Welcome! I echo CocoLoco's comment. We would be very interested in your experiences with the grinder and in a comparison with your BtoC.


----------



## Rudester (Feb 22, 2021)

Thanks for the welcome!

I'll certainly be looking to provide some feedback for others out there that are considering making the jump. I wasn't planning on spending so much on the setup, but i've got into never ending upgrades cycles with other hobbies and i'm hoping that this setup will keep the itch at bay for many years to come.


----------



## Rudester (Feb 22, 2021)

I thought I'd drop by to provide a slightly frustrating update. The Marax has arrived along with a new supply of Black Cat Chocolate Point but unfortunately there's no sign of the Solo yet 😬

I'm going to drop BB an email to see if they can give me an ETA. I'm hopefully moving house on the 1st so if it's not going to arrive in the next week or so I might just box the Marax back up and wait until I'm settled in before spending the time on setting it up.


----------



## Baffo (Jan 23, 2021)

Rudester said:


> I thought I'd drop by to provide a slightly frustrating update. The Marax has arrived along with a new supply of Black Cat Chocolate Point but unfortunately there's no sign of the Solo yet 😬
> 
> I'm going to drop BB an email to see if they can give me an ETA. I'm hopefully moving house on the 1st so if it's not going to arrive in the next week or so I might just box the Marax back up and wait until I'm settled in before spending the time on setting it up.
> 
> View attachment 54989


 Nice! One thing you can already do is to remove the grouphead stickers before it's too late.


----------



## Rudester (Feb 22, 2021)

On it now. Thanks 😉


----------



## Rudester (Feb 22, 2021)

Grouphead stickers now removed, and I've had an update from BB that the Solo had been dispatched and will be with me tomorrow. I can't wait!


----------



## Rudester (Feb 22, 2021)

The Solo arrived first thing this morning. I've got to say that the service from BB has been great.

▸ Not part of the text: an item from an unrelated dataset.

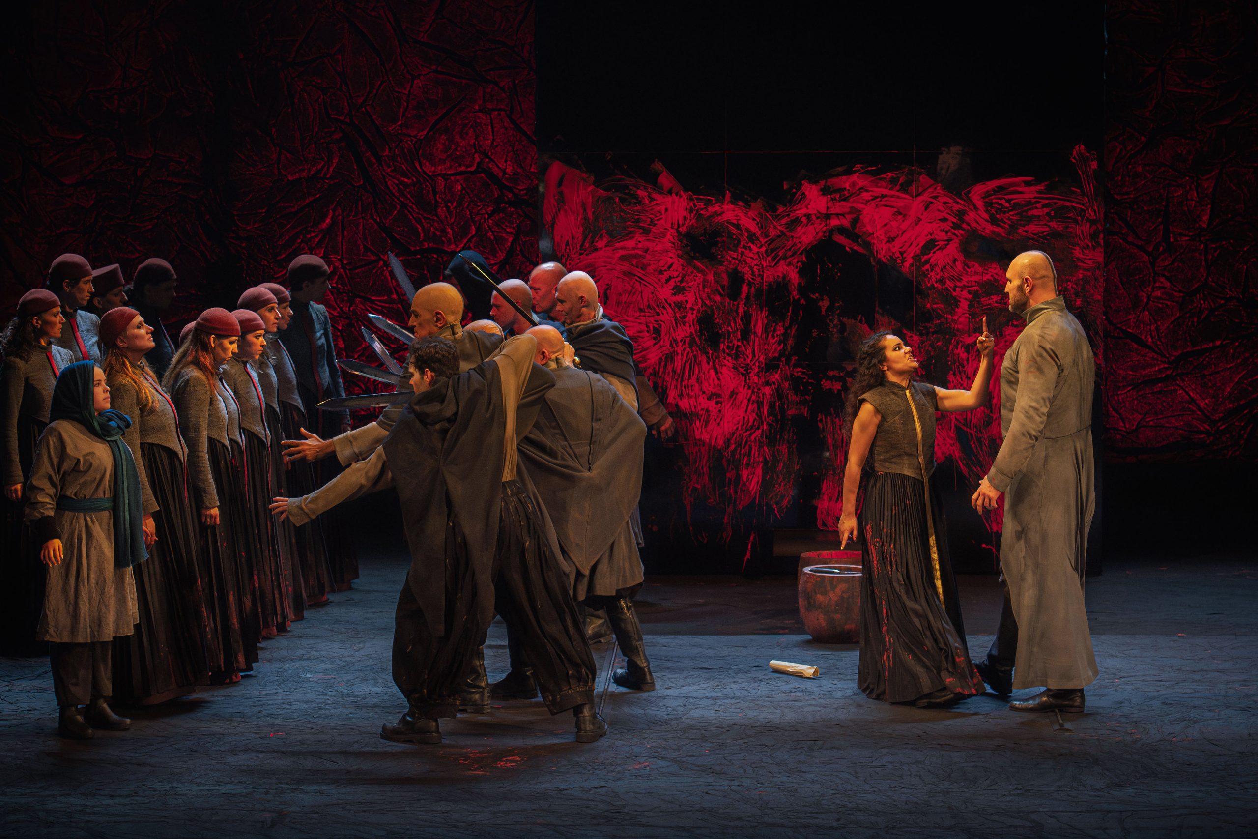 Jean-Fernand Setti (Thoas), Tamara Bounazou (Iphigénie), chœur Les Eléments © S. Brion / Opéra Comique

I've unboxed it and ground half a bag of the supplied beans before pulling my first espresso through the Marax. I did weigh 18g of beans but that was it due to lack of time. First impressions are great crema. I'll have a proper play at lunchtime as I'm feeling a little wired now having just finished a flat white from the outgoing BE just as the Solo arrived.


----------